(Entries taken from a collection)
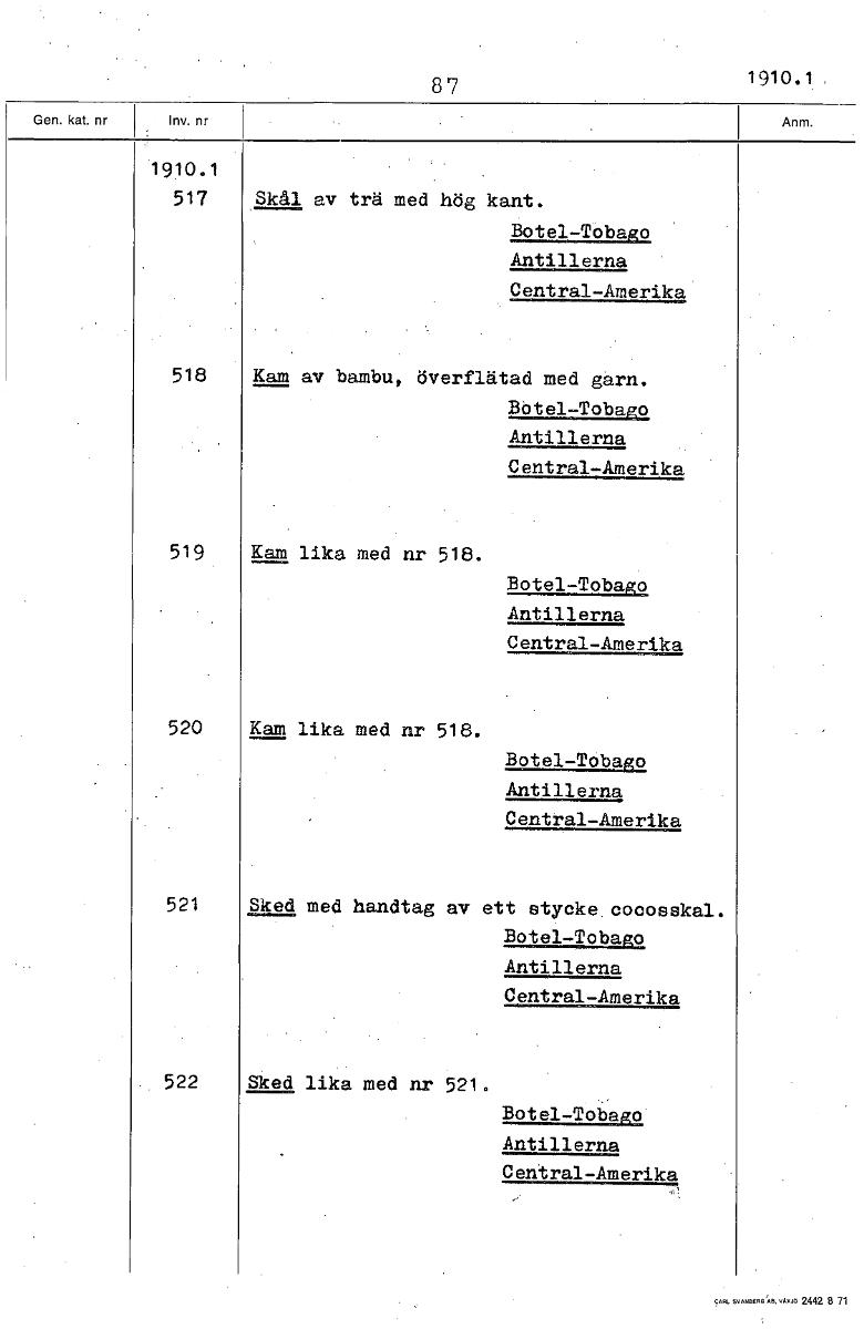 • 87 1910.1 1910.1 517 Skål av trä med hög kant. Botel-Tobago Antillerna Central-Amerika 518 Kam av bambu, överflätad med garn. Botel-Tobago Antillerna Central-Amerika 519 Kam lika med nr 518. Botel-Tob... Visa hela
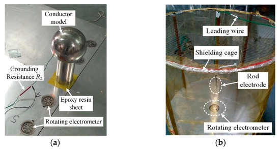 The right part of Figure 3 shows the modified measurement method based on a non-contact electrometer. The rotating electrometer was located at the bottom of the shielding cage. The radius of the shielding cage was r1 = 40 cm. The conductor model and the rod electrode were connected by a leading wire. The leading wire near the shielding cage was fastened with an epoxy resin rod. The length of the epoxy resin rod inside the shielding cage was l = 40 cm. The leading wire was covered with an insulating coat. The area where the leading wire crossed the grounded shielding cage was also filled with epoxy resin, as shown in the zoomed-in schematic in the top-right corner of Figure 3. The radius of the hole of the leading wire was r2 = 1 cm. The distance between the center of the conductor model and the shielding cage was D = 160 cm. A photo of the experimental site is presented in Figure 4.
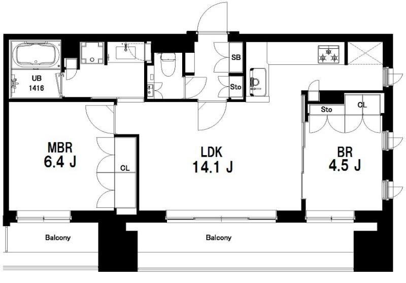 Layout | 2 BR + 1 Bath |
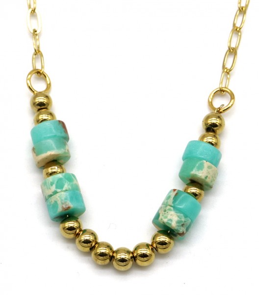 C-B15.3 N062-013G S. Steel Necklace Stones Turqoise
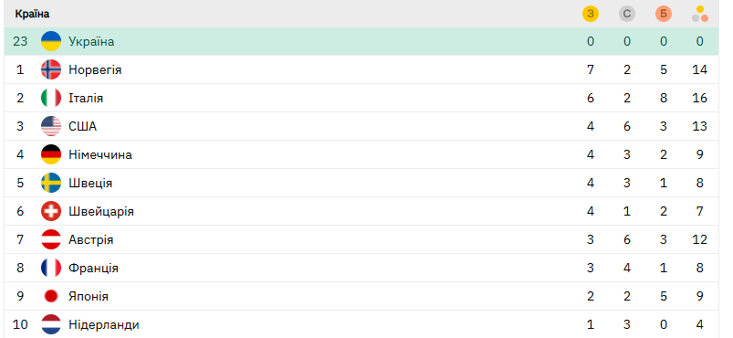 Топ-10 медального зачета (весь список доступен на Спорт 24 в разделе "Олимпиада-2026":
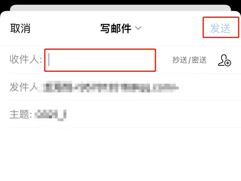 3、点击收件人一栏,填写好收件人邮箱后选择右上角发送即可。

■ Exercise directions ■
Reprint all the data above verbatim, excluding pictures.

■ Response area ■
 • 87 1910.1 1910.1 517 Skål av trä med hög kant. Botel-Tobago Antillerna Central-Amerika 518 Kam av bambu, överflätad med garn. Botel-Tobago Antillerna Central-Amerika 519 Kam lika med nr 518. Botel-Tob... Visa hela
 The right part of Figure 3 shows the modified measurement method based on a non-contact electrometer. The rotating electrometer was located at the bottom of the shielding cage. The radius of the shielding cage was r1 = 40 cm. The conductor model and the rod electrode were connected by a leading wire. The leading wire near the shielding cage was fastened with an epoxy resin rod. The length of the epoxy resin rod inside the shielding cage was l = 40 cm. The leading wire was covered with an insulating coat. The area where the leading wire crossed the grounded shielding cage was also filled with epoxy resin, as shown in the zoomed-in schematic in the top-right corner of Figure 3. The radius of the hole of the leading wire was r2 = 1 cm. The distance between the center of the conductor model and the shielding cage was D = 160 cm. A photo of the experimental site is presented in Figure 4.
 Layout | 2 BR + 1 Bath |
 C-B15.3 N062-013G S. Steel Necklace Stones Turqoise
 Топ-10 медального зачета (весь список доступен на Спорт 24 в разделе "Олимпиада-2026":
 3、点击收件人一栏,填写好收件人邮箱后选择右上角发送即可。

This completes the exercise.